The principles are there for judicial colour and community reassurance but with no real impact.

The obligations on an employer, the section that determines the actions and plans of the business owner or managers, are, as well as general duties:

“Duties of employers to employees

(1) An employer must, so far as is reasonably practicable, provide and maintain for employees of the employer a working environment that is safe and without risks to health……..

(2) Without limiting sub-section (1), an employer contravenes that sub-section if the employer fails to do any of the following-

(a) provide or maintain plant or systems of work that are, so far as is reasonably practicable, safe and without risks to health;

(b) make arrangements for ensuring, so far as is reasonably practicable, safety and the absence of risks to health in connection with the use, handling, storage or transport of plant or substances;

(c) maintain, so far as is reasonably practicable, each workplace under the employer’s management and control in a condition that is safe and without risks to health;

(d) provide, so far as is reasonably practicable, adequate facilities for the welfare of employees at any workplace under the management and control of the employer;

(e) provide such information, instruction, training or supervision to employees of the employer as is necessary to enable those persons to perform their work in a way that is safe and without risks to health. “

The “as far as is reasonably practicable” insertions allow business considerable flexibility in arguing the validity of their decisions after an incident but hamper the employer in being “pro-active” – (a hateful and lazy piece of business jargon).

The impediments to “pro-activity” can be seen in the general duties of Section 20 where 

“to avoid doubt, a duty imposed on a person…to ensure, as far is reasonably practicable, health and safety requires the person –

(a) to eliminate risks to health and safety so far as is reasonably practicable:…..”

This contrasts with the objects of the, same, Act which states that one of the aims is

“to eliminate, at the source, risks to the health, safety and welfare of employees and other persons at work:…”

It is strongly suspected that a crucial element of OHS legislation and management will likely disappear and this is to eliminate hazards “at the source”.  Outside of the objects of the Act this aim is not mentioned anywhere else in the legislation.  “Reasonably practicable” will erase this important social and moral clause.

Eliminating something “at the source” encourages research into new ways of eliminating hazards by placing an obligation on us to determine the source.  “Reasonably practicable” encourages us to research control measures until it is practicable to do so no more.  That is a half-quest that solves nothing.  What if Frodo was asked to dispose of the ring in Mordor only if “reasonably practicable”? The story would have been a novella instead of a classic trilogy.

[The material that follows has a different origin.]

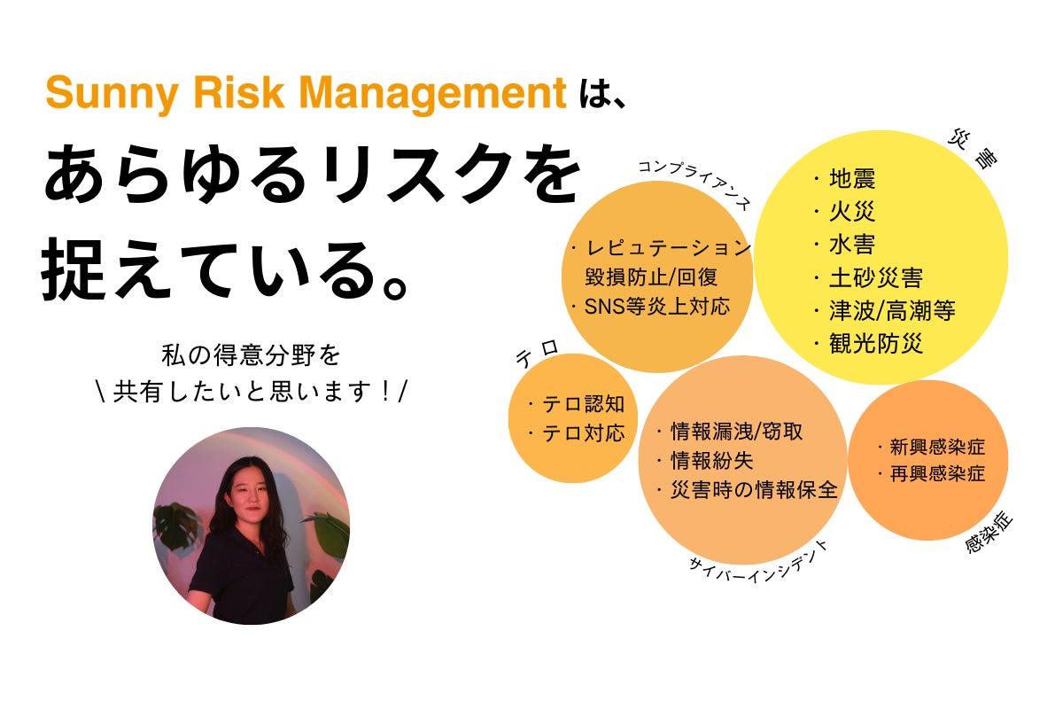長崎と東京の2拠点で、現役大学生兼危機管理コンサルタントとして活動しております、Sunny Risk Management(サニーリスクマネジメント)と申します。

Employer associations are lobbying for increased workplace flexibility.  That has nothing to do with the health and safety benefits of the employees but rather the health and safety of the balance sheet.  “Reasonably practicable” similarly focuses on business management and not safety management.

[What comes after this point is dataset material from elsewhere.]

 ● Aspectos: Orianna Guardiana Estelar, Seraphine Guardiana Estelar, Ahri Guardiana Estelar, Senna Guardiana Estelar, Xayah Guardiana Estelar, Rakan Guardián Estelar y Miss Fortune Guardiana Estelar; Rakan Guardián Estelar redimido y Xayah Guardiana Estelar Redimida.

The battle against this insidious weakening of the OHS profession is not lost.  Heart should be taken from the preparedness of governments to roll-back unpopular legislation such as some industrial relations initiatives.  Hindsight can be an important motivator for change.

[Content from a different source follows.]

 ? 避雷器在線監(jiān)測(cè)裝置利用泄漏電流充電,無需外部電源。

Recent fatalities data may sway some in government that OHS regulators are achieving their social and operational targets but OHS professionals know that fatality rates are not an accurate indication of the success of safety initiatives.  New workplace hazards are appearing regularly and many of the new ones don’t result in death but lead instead to misery and an incapacity to live a healthy life or to work again in a chosen profession.  

“Reasonably practicable” allows businesses to try, in differing degrees, to eliminate the hazards, such as psychosocial hazards, of its workforce and then shift them to social security and disability benefits.  And why not? It seems that corporations can serve their clients and stakeholders “as far as is reasonably practicable” and then expect a bailout from government over their mismanagement.  Immorality applies to much more than economics.